[Originally published in The Herald of Randolph.]
America is all about checks and balances. We began it all by setting up our national government in a way that would spread power between the Judiciary, Executive and Legislative branches of Government. Each would provide checks and balances on the others.
This arrangement has forced us to compromise. Compromise, in the main, has brought us to the center, politically, economically and philosophically, helping us avoid the extremist pitfalls that have in the past characterized other, more authoritarian systems around the World.
In our national political arena, the spirit of compromise, as forced on us by the diffusion of power between the parties, has helped us achieve centrist moderation. That has occasionally been painful, simply because on the political side, there have been times when one of the parties in our two party system, flush with long-term electoral success, has felt it had no reason to compromise with the other. We have seen that recently and may see it soon again.
The arrogance of presumed power and the inclination to uncompromisingly stick it to the other party has often led to the ouster of the offending party and the restoration of power through the electoral re-installation of the opposition. This situation has become more pronounced in recent decades as the Republicans and Democrats have become increasingly at philosophical odds.
We are in the middle of one of these changes right now. We have gone from an essentially autocratic and politically partisan Bush Administration, which did pretty much as it wished, through national disenchantment with those policies, to their ouster and the re-installation of the Democrats.
Despite Obama’s inclination to reach out to the Republicans, which he appears to have sincerely wished to do, two unproductive issues have surfaced. On the left, there are indications that some Democrats would like to get even for the past eight years, where in contrast, the Republicans have lined up and voted in a bloc against all the important Obama initiatives designed to address our critical economic problems.
We have no experience with the economic problems that might teach us what to do today.

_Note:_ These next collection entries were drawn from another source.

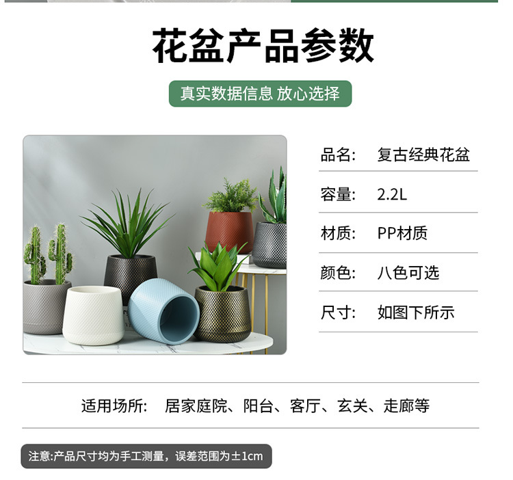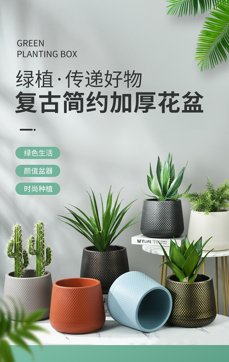 复古简约百搭加厚多色混搭分体式环保居家经典圆形花盆种植盆
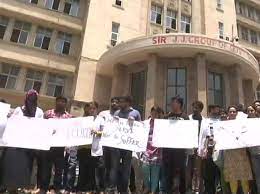 मुंबई, 01 जून । जेजे अस्पताल में 750 रेजिडेंट डॉक्टरों ने गुरुवार सुबह से अनिश्चितकालीन हड़ताल शुरू कर दी है। इसका असर यहां स्वास्थ्य सेवाओं पर पड़ रहा है, जिससे मरीज बेहाल हैं। दूसरी ओर, अस्पताल की प्रमुख डॉ. पल्लवी सापले ने कहा कि स्वास्थ्य सेवाओं पर कोई असर नहीं पड़ा है। हड़ताली डॉक्टरों की नाराजगी खत्म करने का प्रयास किया जा रहा है।
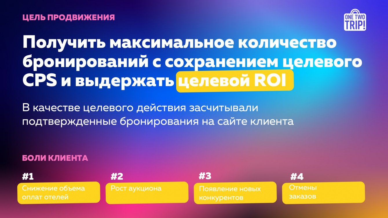 - кампанию по запросу продуктового бренда («OneTwoTrip Отели»);
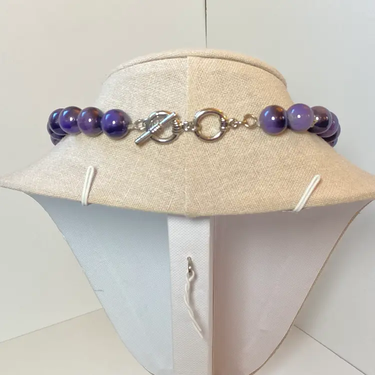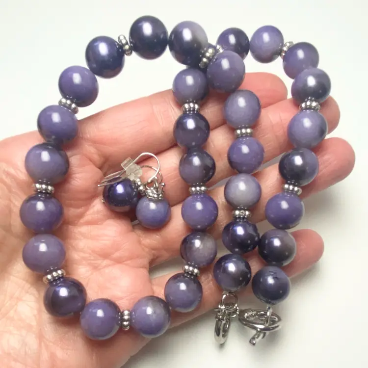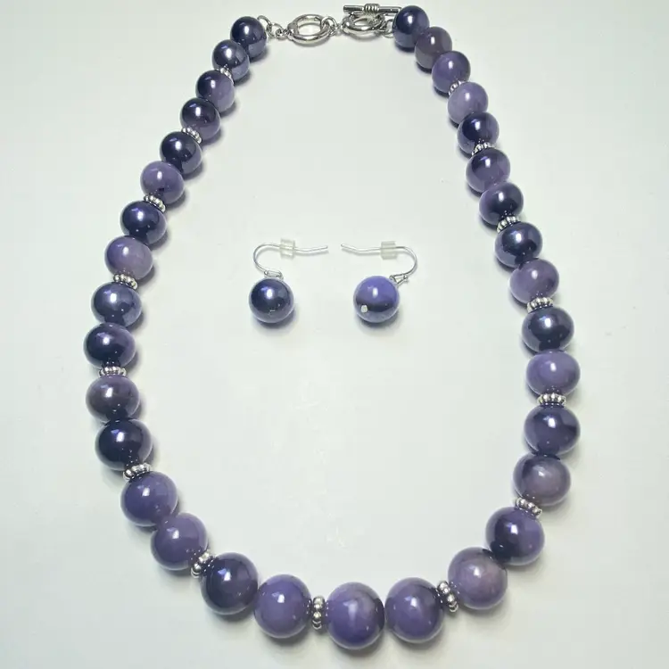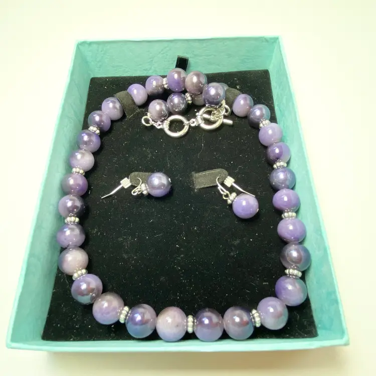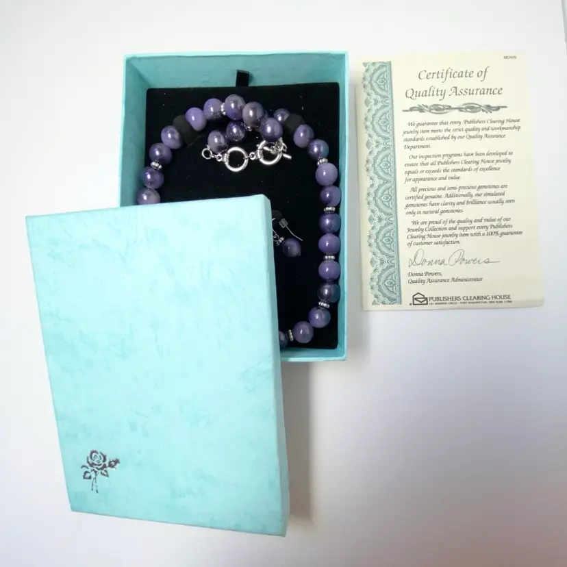 This vintage jewelry set of a necklace and earrings from Publishers Clearing House features a beautiful combination of round amethyst beads and silver tone spacers. The necklace has an adjustable double ring toggle closure. The set comes in its original box and is perfect for any woman who loves handcrafted and artisan jewelry. This jewelry set is a must-have for any collector or fashion-forward individual who appreciates the beauty of vintage pieces.
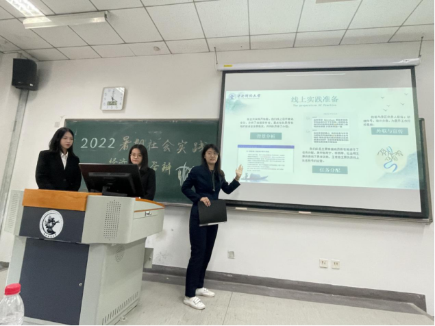 “一水华安”队是第五支参与答辩的团队,他们以“探访川渝合作背景下,家乡经济社会的发展与变化”为主线,以“重温家乡红色经典,传承红色基因”为辅线,采取双线并行的调研模式,实地调研了广安市3个区县,6家企业,4个红色参观地,并针对当地经济发展现状和红色景区的宣传情况提出青年建议。在汇报中,他们主要对选题背景、实践概述、实践过程与内容、青年建议、实践成果、实践总结与反思六个模块分别进行阐述,辅以丰富的图片素材和可量化的实践成果,详细地展示了本次实践的全过程。评委老师对他们的实践表示肯定并提出了完善意见,建议他们在实践报告中展现相关项目主题的延伸部分。
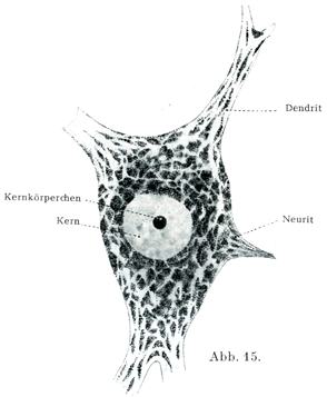 Saguchi (Zytolog. Studien 1930,1934)およびBerg (Z. mikr.-anat. Forsch., 28. Bd.,1932)によれば核小体から物質が細胞体に移行するという.
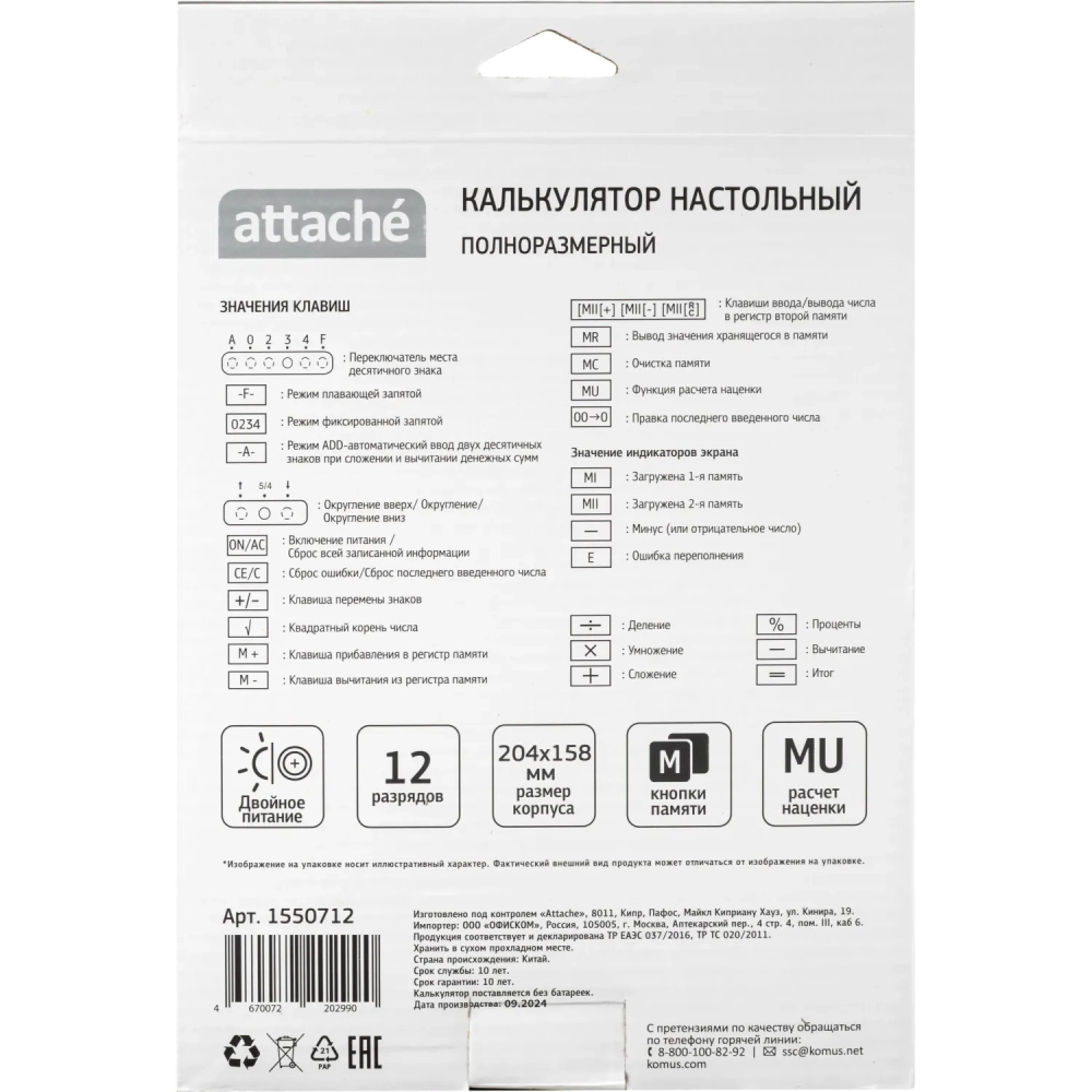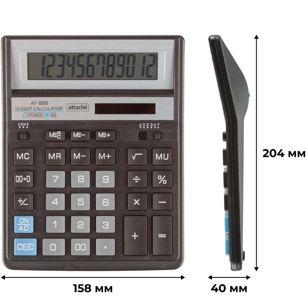 Калькулятор настольный ПОЛНОРАЗМЕРНЫЙ AttacheAF-888,12р,дв.пит204x158мм,ч/с

Further, it would appear that the policies that helped get us here and which in many cases are now supported by congressional Republicans as viable solutions, are not going to get us out of the mess we are in. It may be that Democratic policies also may not do the job either, but at least they have not been tried and already failed.
Yet, these attempts have passed despite 100% Republican Congressional disapproval. Any non-partisan bystander who looks at this situation has to think that the Republicans are taking an incredible, all-or-nothing risk. If the Democrats’ policies don’t work, they, the Republicans, win it all, BUT, and it’s a big but, if the Democrats are even only sufficiently correct, the Republicans will lose.
This may be a gamble that the Republican leadership, if there really is such a thing today outside the talk show circuit, is prepared to take. It may be a risk that the Democrats, believing that their policies will succeed, are also prepared to take. Those real gamblers are, in the main, the most radical and partisan members of both political parties, those who see political annihilation of the other party as a good thing.
However, if you are an Independent, Democrat or Republican and from the political center, this has all the earmarks of an impending disaster. The existence of either a too weak or a too strong party is dangerous. What you don’t want if you are a centrist, is for either party to lose big-time. All that does is put the radicals in charge – the ones who more than anything else, want to use their new power to get even with the party that put them through hell for their preceding years in the political wilderness – and permits them to promote their most radical policies.
The only hopeful sign for moderate, non-partisan centrists at this moment is the indication that some Republicans have been increasingly supporting Obama-sponsored legislation against the wishes of their party leadership. This can be seen in the recent bills addressing credit card fraud, financial fraud and predatory housing lending, all of which have drawn Republican support.
The divisiveness we have seen over the past few decades has been of little service to this country. We were far better off when major differences between the two parties were few and far between and when changes from administration by one party to the other did not presage traumatic political, social and economic change. We need the checks and balances provided by two viable parties with minor, not major differences.
A little more bipartisanship today could help us a lot tomorrow.
Haviland Smith was a long-term resident of Brookfield. He now lives in Williston.